It seems that every time the president speaks directly to the nation, his polling numbers go down. Here's Newsweek on Bush's SOTU "bump":
President George W. Bush concluded his annual State of the Union address this week with the words “the State of our Union is strong … our cause in the world is right … and tonight that cause goes on.” Maybe so, but the state of the Bush administration is at its worst yet, according to the latest NEWSWEEK poll. The president’s approval ratings are at their lowest point in the poll’s history—30 percent—and more than half the country (58 percent) say they wish the Bush presidency were simply over, a sentiment that is almost unanimous among Democrats (86 percent), and is shared by a clear majority (59 percent) of independents and even one in five (21 percent) Republicans. Half (49 percent) of all registered voters would rather see a Democrat elected president in 2008, compared to just 28 percent who’d prefer the GOP to remain in the White House.
Public fatigue over the war in the Iraq is not reflected solely in the president’s numbers, however. Congress is criticized by nearly two-thirds (64 percent) of Americans for not being assertive enough in challenging the Bush administration’s conduct of the war. Even a third (31 percent) of rank-and-file Republicans say the previous Congress, controlled by their party, didn’t do enough to challenge the administration on the war.

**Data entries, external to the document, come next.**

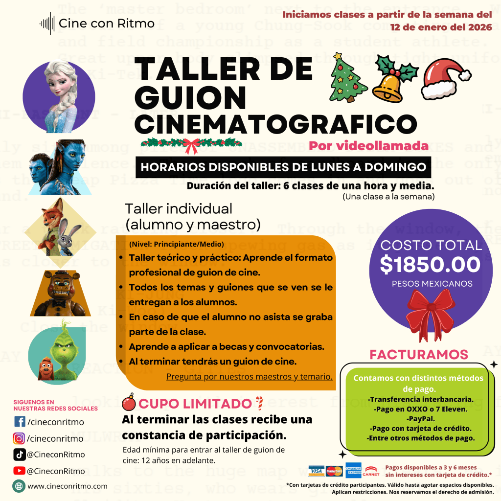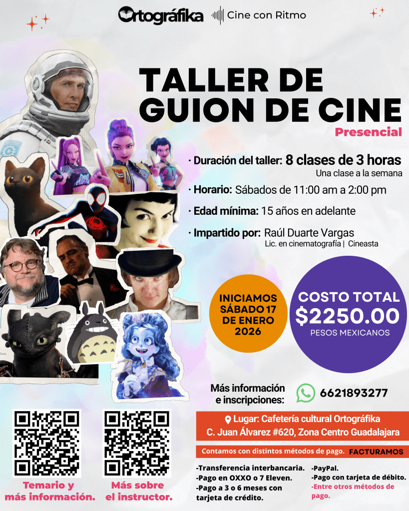 Taller de guion grupal de 8 clases de tres horas. En Guadalajara, Jalisco. Inicio: Sábado 17 de enero 2026
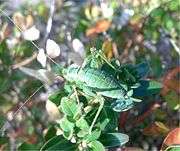 The grass-green body, which is about 15 millimetres (0.59 in) long, carries minute black specks, as reflected in the common and Latin name of the species; in addition, the dorsal surface of the abdomen features a brown stripe; this is more pronounced in the male.[1][2] A yellow-white stripe extends backwards from the eyes.[3] The lower legs and feet are brownish.[2] The antennae are twice as long as the body.[1] The species is brachypterous: the male's forewings are reduced to small flaps, and those of the female are even more reduced.[1][2] The hindwings are completely absent, and both males and females are flightless.[1][2]
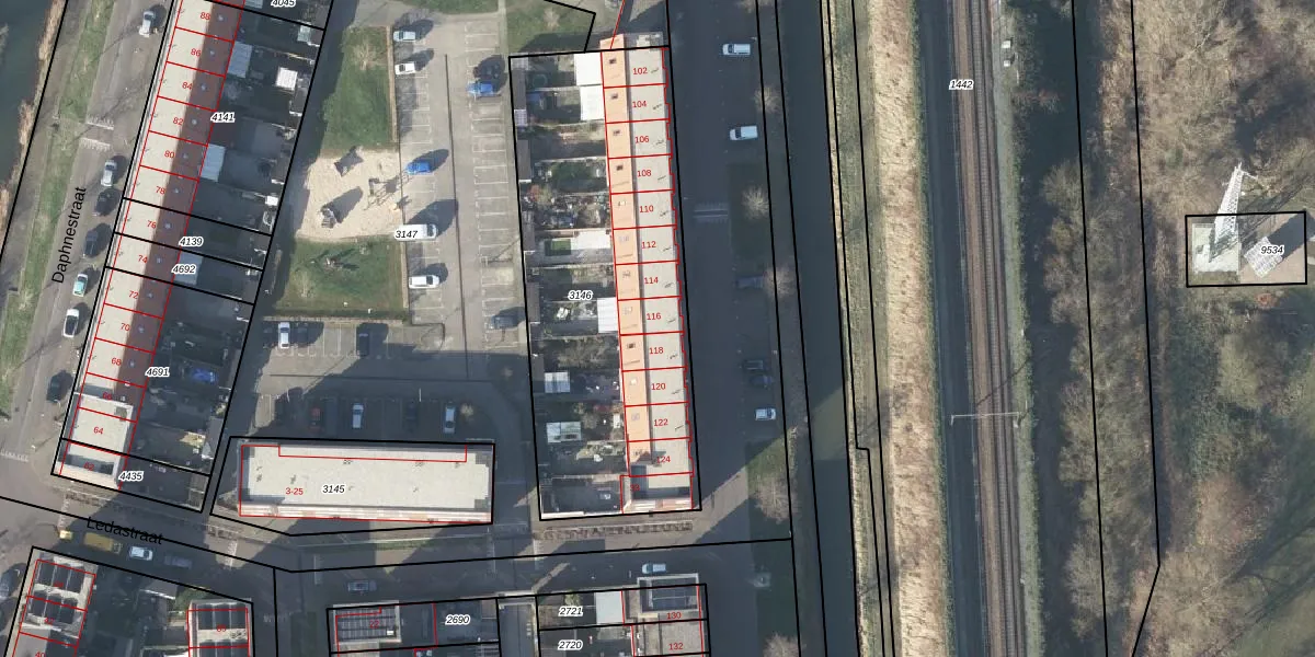 Het perceel waarop Polluxstraat 116 staat heeft een oppervlakte van 1731 m². Dit is een zeer groot perceel. De perceeloppervlakte wordt geregistreerd door het Kadaster. Gedetailleerde informatie over de maten van dit perceel kunt u vinden in het rapport Kadastrale kaart met maatvoering van Polluxstraat 116.
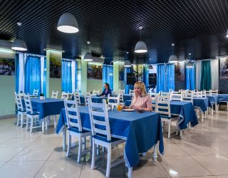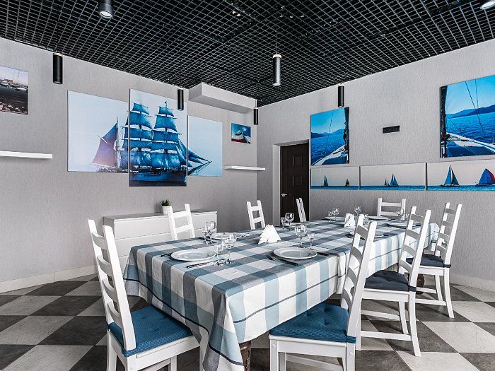 Зал оформлен в морском стиле. Идеальная локация для деловых переговоров, празднования частных и деловых событий мини группой. Зал оборудован кондиционером, ЖК телевизором.
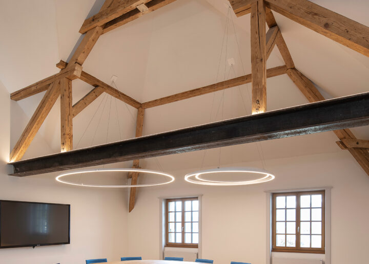 La municipalité de Port-Valais a acquis le bâtiment historique de la gare avec guichets et appartements de service des années 1920. La tâche était de le réhabiliter pour y installer l'administration communale, l'office du tourisme et une salle polyvalente. Grâce à des interventions concentrées et mesurées, le projet adapte la typologie aux nouvelles exigences fonctionnelles tout en restant au plus près de l’esprit du bâtiment originel. Le hall central reste le cœur du dispositif. Tirant parti de sa situation privilégiée, entre ville et gare, entre aile gauche et aile droite, il est traité comme un espace multifonctionnel flexible et adaptable. La salle du conseil en est son pendant symbolique. Elle est aussi placée dans la travée centrale, au dernier étage. La suppression du plancher des combles permet de laisser apparaître l’enchevêtrement de poutres supportant la couverture, dotant cette salle d’une spatialité généreuse et particulière en accord avec son importance.
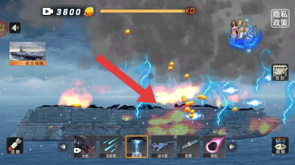 3、將船只摧毀后能夠獲得3600金幣數(shù),呈現(xiàn)了艦船被攻擊、釋放技能的戰(zhàn)斗場景畫面。
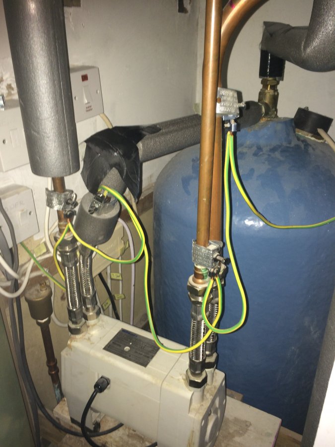 It is a pumped system. Pump is in the airing cupboard (see pic) with feeds to the shower going into the loft and dropping down into the bathroom. There are bottle vents at the top of the shower feeds.
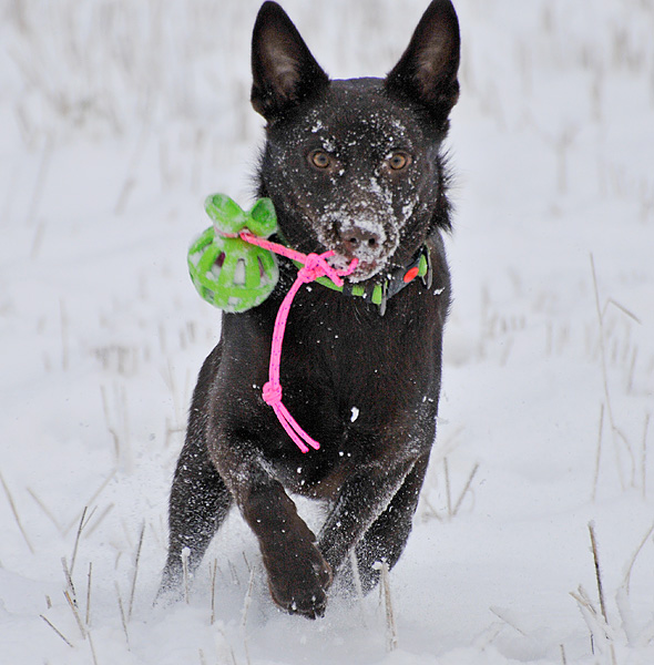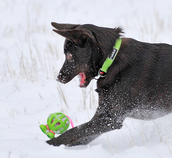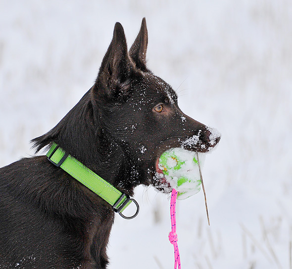 Att fota mörk, enfärgad hund i snö i mulet väder var troligen månadens sämsta idé, men nu vet jag det – inte göra sig till och fota kelpie med finkameran, varken med eller utan snö, om inte solen skiner.
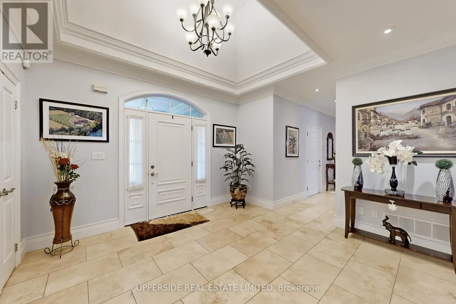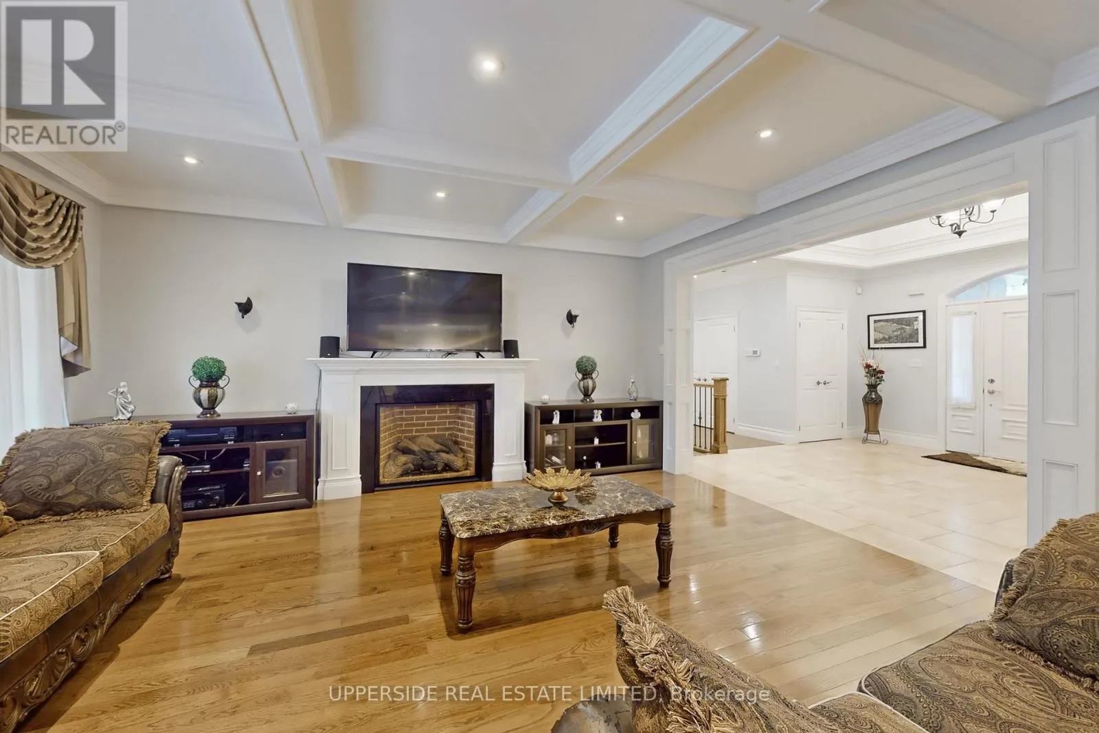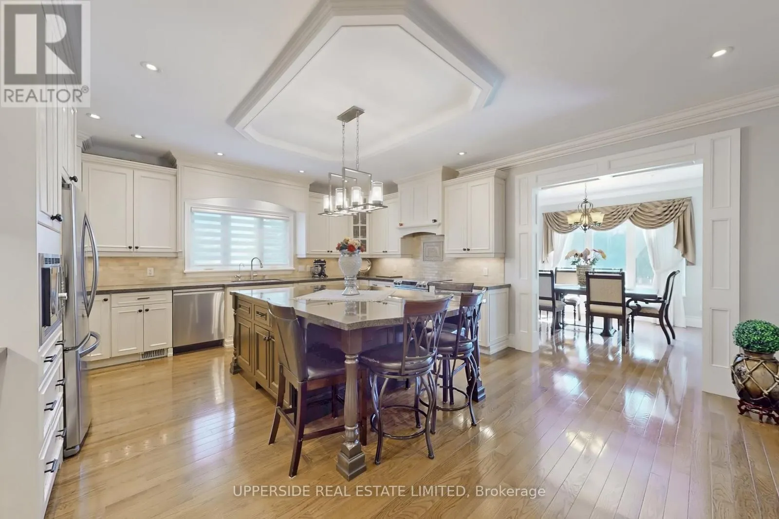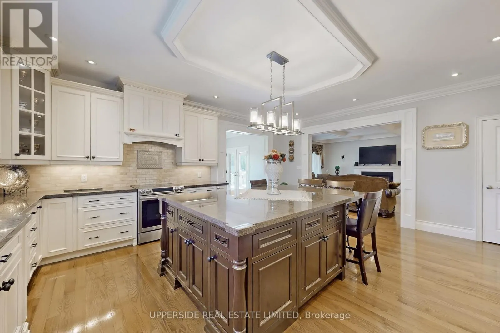 This elegant bungalow has everything today’s buyer could wish for-beautifully finished and move-in ready. Behind striking double iron gates, the full stone exterior and exquisite landscaping create an impressive first impression. Inside, coffered ceilings, rich crown moldings, and custom details flow throughout a layout designed for both family living and refined entertaining.The inviting family room with fireplace opens to a

And yet the Congress is debating how to soften the language of a non-binding resolution expressing its lack of support for the president's policies. I realize that that will most likely only be step one of many, but nevertheless...
And then there is this:
Still, the new poll, which examined the preferences of registered Democrats for their party’s presidential nomination in 2008, shows that Sen. Hillary Clinton, an initial supporter of the war, has a 20-point lead over junior Sen. Barack Obama (55 percent to 35 percent) and a 34-point lead over former Sen. John Edwards (63 percent to 29 percent). Obama has a marginal seven-point lead over Edwards (46 percent to 39 percent). On the other side of the aisle, former New York City Mayor Rudy Giuliani and Sen. John McCain are closely matched at this point among Republicans: the mayor is preferred over the Arizona Senator by a statistically insignificant margin of 48 percent to 44 percent. When each GOP frontrunner is matched up against former Massachusetts Governor Mitt Romney, it is no contest. Giuliani beats Romney by 55 points and McCain outpolls him by 50.
If you wan proof that polls about the 2008 are utterly irrelevant, there it is. On the one hand, people want the war over. On the other, they are expressing "support" for Hillary, the most objectively pro-war candidate among the big three. How can this be, you ask? Simple. People aren't yet paying attention to 2008; the here and now, after all, matters much, much more.
And most importantly, there is this:
Overall, 61 percent are unsatisfied with the way things are going in America; just 30 percent are satisfied.
No single bit of polling data should terrify Republicans as much as this one. Those are Carter begat Reagan begat 30-years-of-conservative-dominance numbers. Here comes the realignment!